Sales of Asian vegetables from Dutch greenhouses are chugging along nicely, says Cees Visser of Asian Crop. With winter approaching, the company supplies Asian vegetables from Spain and year-round from their Dutch greenhouse. "We can't complain about the current prices. But, that's also much needed because of the high costs."
"We're heating minimally, so that's not costing us that much. But you want to keep vegetables frost-free, so you'll have to heat them a little, and every cubic meter of gas costs five times more. There's some noticeable market turmoil because of inflation and cost increases. The question is whether prices aren't getting too high for consumers," wonders Cees.
Cees, Leo and Danielle Visser
In 2020, the pandemic caused issues for this Dutch nursery. "We'd just begun production, and sales largely fell away in those early days. Fortunately, we could change course with sales to supermarkets and wholesalers who serve consumers directly. That kept sales at a certain level.
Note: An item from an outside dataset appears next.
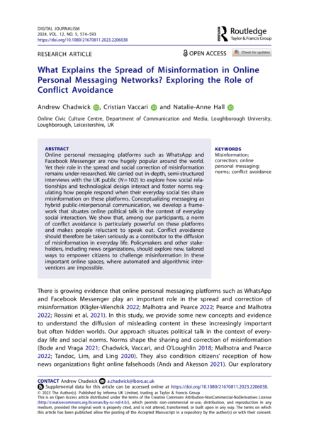 "Online personal messaging platforms such as WhatsApp and Facebook Messenger are now hugely popular around the world. Yet their role in the spread and social correction of misinformation remains under-researched. We carried out in-depth, semi-structured interviews with the UK public (N = 102) to explore how social relationships and technological design interact and foster norms regulating how people respond when their everyday social ties share misinformation on these platforms. Conceptualizing messaging as hybrid public-interpersonal communication, we develop a framework that situates online political talk in the context of everyday social interaction. We show that, among our participants, a norm of conflict avoidance is particularly powerful on these platforms and makes people reluctant to speak out. Conflict avoidance should therefore be taken seriously as a contributor to the diffusion of misinformation in everyday life. Policymakers and other stakeholders, including news organizations, should explore new, tailored ways to empower citizens to challenge misinformation in these important online spaces, where automated and algorithmic interventions are impossible." (Abstract)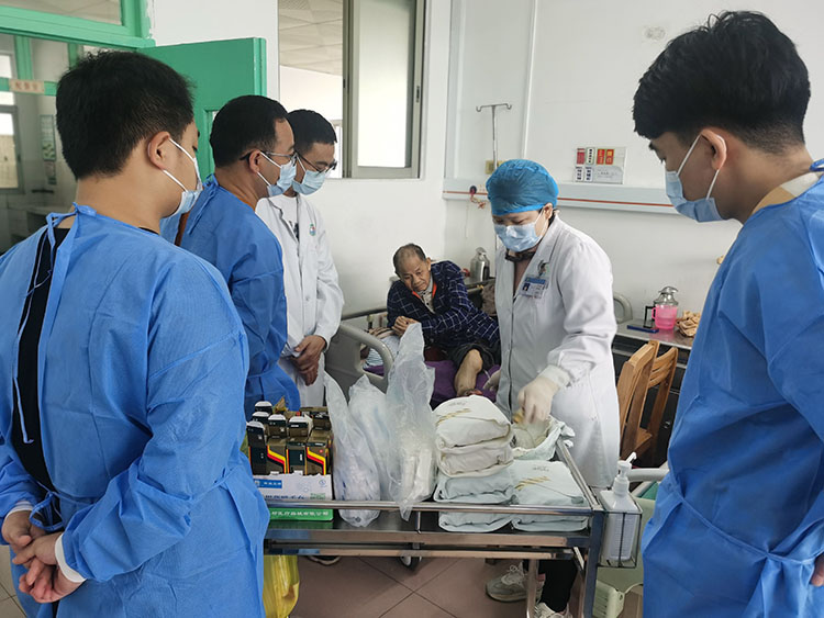 3月23日,來自廣州、佛山兩地的五家醫(yī)院13位專家,到韶關(guān)第一人民醫(yī)院燒傷和創(chuàng)面修復(fù)科,以查房的形式現(xiàn)場觀摩該科室規(guī)范應(yīng)用燒傷創(chuàng)瘍再醫(yī)療技術(shù)處理糖尿病足潰瘍、壓瘡創(chuàng)面,隨后在科室會(huì)議室對慢性創(chuàng)面的相關(guān)典型病例進(jìn)了深入的探討與交流??剖谊愔魅尉吞悄虿∽惚W阒委熥隽酥攸c(diǎn)分析和介紹。通過參觀交流,與會(huì)專家表示未來一定將燒傷創(chuàng)瘍再生醫(yī)療技術(shù)規(guī)范應(yīng)用于慢性創(chuàng)面的臨床治療之中,提高慢創(chuàng)的治療水平,為當(dāng)?shù)氐穆齽?chuàng)患者減輕病痛。

Luckily, that situation improved."
Increasingly more small packs
An important recent trend is that Asian leafy vegetables are increasingly being sold in small packs (flow packs), says Cees, who runs Asian Crop alongside his sister, Danielle.
The company supplies its Asian vegetables to customers throughout Europe. "We mainly focus on wholesalers. We leave the larger supermarkets to others- that's a business of its own," he explains.
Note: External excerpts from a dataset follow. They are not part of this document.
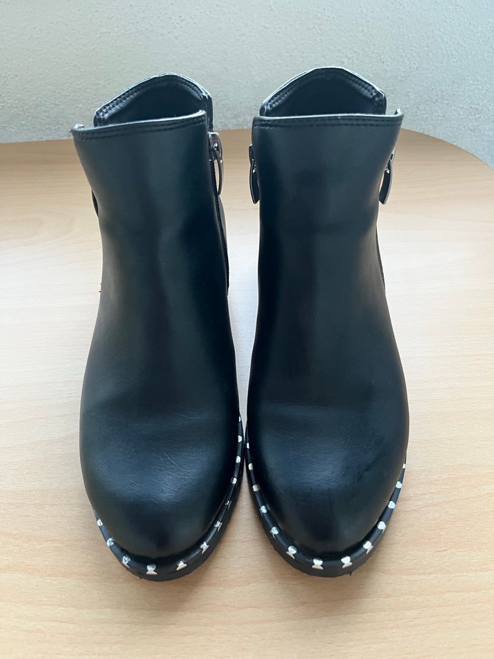 Siyah deri kadın botları, blok topuk ve tokalı detaylara sahiptir. Parlak yüzeyiyle günlük şıklık için uygundur 2 3 kez giyildi hic bir sorunu yok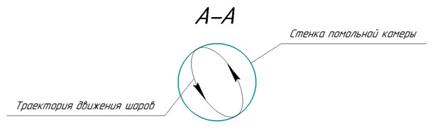 В процессе работы мельницы шары двигаются по траектории эллипса (из этого происходит название мельницы. (Рис.2)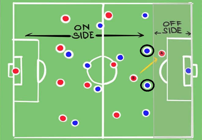 In the above illustration, ‘A’ would be called for an offside offence, if and when player ‘B’ plays a through ball to him, as he is behind the second-to-last opponent(s), that is, the two encircled defenders. In such a situation the linesman would raise the flag in his hand and the referee would stop the play and award an indirect freekick to the other team. In this situation, the team in blue.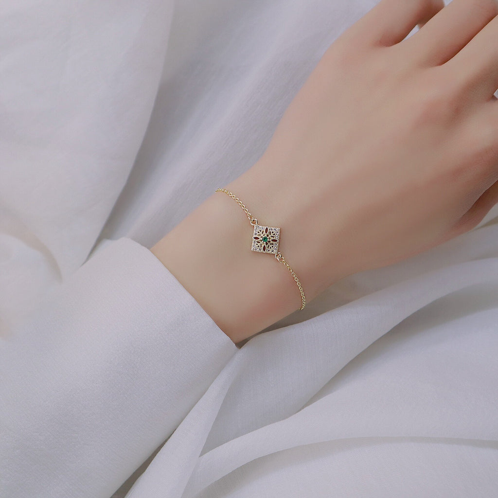 2022 Korean jewelry high-quality square copper inlaid zircon green simple gold female bracelet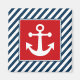 Nautical themed design with anchor decoration in square on blue and white striped background

Asian Crop's assortment has remained largely unchanged in recent years. Not everyone is familiar with products such as Am Choi, Hing Choi, and Ong Cho. Still, according to Cees, more and more Europeans are trying out Asian vegetables. "People are increasingly eating Asian vegetables. Something like Shanghai Bok Choy has become almost commonplace. We also offer our customers a wide range of exotic products, but they come to us mainly for Asian leafy vegetables. We use the other exotics to up the pallets."
In the Netherlands, Asian vegetable cultivation acreage has remained fairly stable, adds Cees. "Occasionally, a grower joins or drops out. It's not a huge market, so as soon there's a little too much product on the market, prices immediately come under pressure. It's also not a crop that you just do on the side, especially if you always want to be able to deliver. You really have to be on top of it; otherwise, it won't work," he concludes.